Stimolata dalla paradossale provocazione di Ciampa che le chiede di farsi tre mesi di villeggiatura in una casa di salute, per distruggere i sospetti e restituirgli la dignità, Beatrice libera la corda pazza dandosi a incontrollate escandescenze e gridando in faccia all’uomo la verità della sua condizione di "becco", una verità non credibile, consentita solo ai pazzi.
La scena finale vede la madre, il fratello e il delegato che cercano di portar via Beatrice, che continua a gridare come se fosse impazzita davvero, mentre Ciampa _«si butta a sedere su una seggiola in mezzo alla scena, scoppiando in un'orribile risata, di rabbia, di selvaggio piacere e di disperazione a un tempo»._
 



*Persa posto la trama....perchè secondo me l'opera merita e poi è in tema con i nostro sito!!!!*​


----------



## Persa/Ritrovata (23 Novembre 2008)

Da adolescente ho letto tutto Pirandello.
Pur descrivendo una società diversa dall'attuale e molto più legata all'immagine sociale o ..legata ad aspetti diversi dell'immagine sociale rispetto agli attuali ...descrive situazioni non molto diverse.


----------



## Old Confù (23 Novembre 2008)

Persa/Ritrovata ha detto:


> Da adolescente ho letto tutto Pirandello.
> Pur descrivendo una società diversa dall'attuale e molto più legata all'immagine sociale o ..legata ad aspetti diversi dell'immagine sociale rispetto agli attuali ...descrive situazioni non molto diverse.


Eh si....
nel caso specifico, quanto è ancora vero... Sono sicura che molta gente perdonerebbe se la cosa rimanesse in una sorta di tacito accordo...

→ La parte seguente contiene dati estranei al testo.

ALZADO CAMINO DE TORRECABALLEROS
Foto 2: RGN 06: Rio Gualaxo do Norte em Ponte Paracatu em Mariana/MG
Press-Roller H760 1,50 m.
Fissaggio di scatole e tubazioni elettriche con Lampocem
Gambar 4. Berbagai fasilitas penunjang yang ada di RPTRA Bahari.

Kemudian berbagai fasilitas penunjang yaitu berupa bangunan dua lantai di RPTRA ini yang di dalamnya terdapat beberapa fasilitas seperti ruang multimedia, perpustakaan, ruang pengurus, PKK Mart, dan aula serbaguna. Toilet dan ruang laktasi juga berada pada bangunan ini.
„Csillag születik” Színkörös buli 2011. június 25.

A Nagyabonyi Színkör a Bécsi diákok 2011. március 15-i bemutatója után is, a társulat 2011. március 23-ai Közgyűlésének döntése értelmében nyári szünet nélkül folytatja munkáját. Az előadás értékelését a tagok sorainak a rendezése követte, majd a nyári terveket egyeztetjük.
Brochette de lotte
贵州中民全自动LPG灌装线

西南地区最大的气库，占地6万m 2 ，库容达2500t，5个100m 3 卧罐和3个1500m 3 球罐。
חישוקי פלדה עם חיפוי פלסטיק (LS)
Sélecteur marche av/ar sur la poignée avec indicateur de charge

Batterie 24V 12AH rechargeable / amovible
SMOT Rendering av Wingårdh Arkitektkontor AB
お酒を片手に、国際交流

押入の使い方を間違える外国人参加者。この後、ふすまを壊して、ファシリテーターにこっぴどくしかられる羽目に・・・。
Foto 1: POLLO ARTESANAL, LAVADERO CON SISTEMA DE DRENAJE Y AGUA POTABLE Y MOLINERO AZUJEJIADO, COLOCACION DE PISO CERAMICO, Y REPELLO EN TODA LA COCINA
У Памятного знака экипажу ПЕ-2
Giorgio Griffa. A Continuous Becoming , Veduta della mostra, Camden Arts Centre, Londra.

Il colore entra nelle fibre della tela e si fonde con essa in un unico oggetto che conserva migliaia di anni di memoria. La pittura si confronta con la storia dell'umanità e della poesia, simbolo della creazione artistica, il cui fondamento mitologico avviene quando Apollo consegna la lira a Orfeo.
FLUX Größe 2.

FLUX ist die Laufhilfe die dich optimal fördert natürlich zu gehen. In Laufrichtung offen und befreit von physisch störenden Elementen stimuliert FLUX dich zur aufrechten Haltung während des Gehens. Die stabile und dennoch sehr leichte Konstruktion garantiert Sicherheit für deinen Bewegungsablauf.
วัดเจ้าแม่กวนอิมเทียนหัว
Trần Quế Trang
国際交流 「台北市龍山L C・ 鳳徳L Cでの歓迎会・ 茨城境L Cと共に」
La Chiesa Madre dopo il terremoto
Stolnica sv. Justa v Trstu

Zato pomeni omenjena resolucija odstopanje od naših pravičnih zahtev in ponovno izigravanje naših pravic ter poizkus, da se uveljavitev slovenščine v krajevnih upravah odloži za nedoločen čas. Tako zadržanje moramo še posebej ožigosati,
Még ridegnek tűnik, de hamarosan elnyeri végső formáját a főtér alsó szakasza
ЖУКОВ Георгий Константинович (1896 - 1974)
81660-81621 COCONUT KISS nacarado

Più in generale, Pirandello si, descrive molto bene il peso dell'occhio sociale su ognuno di noi...parecchie opere sono dedicate a diverse categorie sociali...ognuna preso da un punta di vista esterno!!!


----------



## Old Giusy (24 Novembre 2008)

Adoro Pirandello, tutto.


----------



## Old Anna A (24 Novembre 2008)

Confù ha detto:


> A me di Pirandello piace molto _A birritta che ciancianeddi_!!!


 
adoro Pirandello... il racconto della giara è una cosa spettacolare, per esempio.. senza scomodare i capolavori.


----------



## Miciolidia (24 Novembre 2008)

Persa/Ritrovata ha detto:


> Stanno pubblicando in edicola messe in scena dei drammi di Pirandello.
> Ora è uscito Vestire gli ignudi.
> Lo consiglio a tutti.


 
Grazie Persa! non lo sapevo ..mi fiondo!!!!!!!!!!!


----------



## Old Asudem (24 Novembre 2008)

Persa/Ritrovata ha detto:


> Stanno pubblicando in edicola messe in scena dei drammi di Pirandello.
> Ora è uscito Vestire gli ignudi.
> Lo consiglio a tutti.


di che tratta?? io non lo conosco...


----------



## Miciolidia (24 Novembre 2008)

http://it.wikipedia.org/wiki/Vestire_gli_ignudi


bella pupazzotta leggi qua.

manco io conoscevo la trama.


----------



## Old Asudem (24 Novembre 2008)

Miciolidia ha detto:


> http://it.wikipedia.org/wiki/Vestire_gli_ignudi
> 
> 
> bella pupazzotta leggi qua.
> ...


grazie micetta


----------



## Bruja (24 Novembre 2008)

*Persa e tutte*

Credo sia una riedizione dvd di tutte le opere teatrale di Pirandello!
Le avevo giù acquistate quasi tutte nella prima edizione e consiglio particolarmente tutto il repertorio interpretato dalla mitica "compagnia dei giovani" con Valli, Falk, Albani, Cerusico etc oltre ad altre grandi compagnie come quelle di Alberto Lionello, Adriana Asti, Giulia Lazzarini, Bosetti.../ e troppi altri che non sto ad indicare per spazio... 
Grazie davvero per aver segnalato questa iniziativa tanto valida e non abbastanza pubblicizzata, neppure nella prima edizione. 
Una perla di questo autore, proprio pensando al nostro forum, é "L'amica delle mogli".
Bruja


----------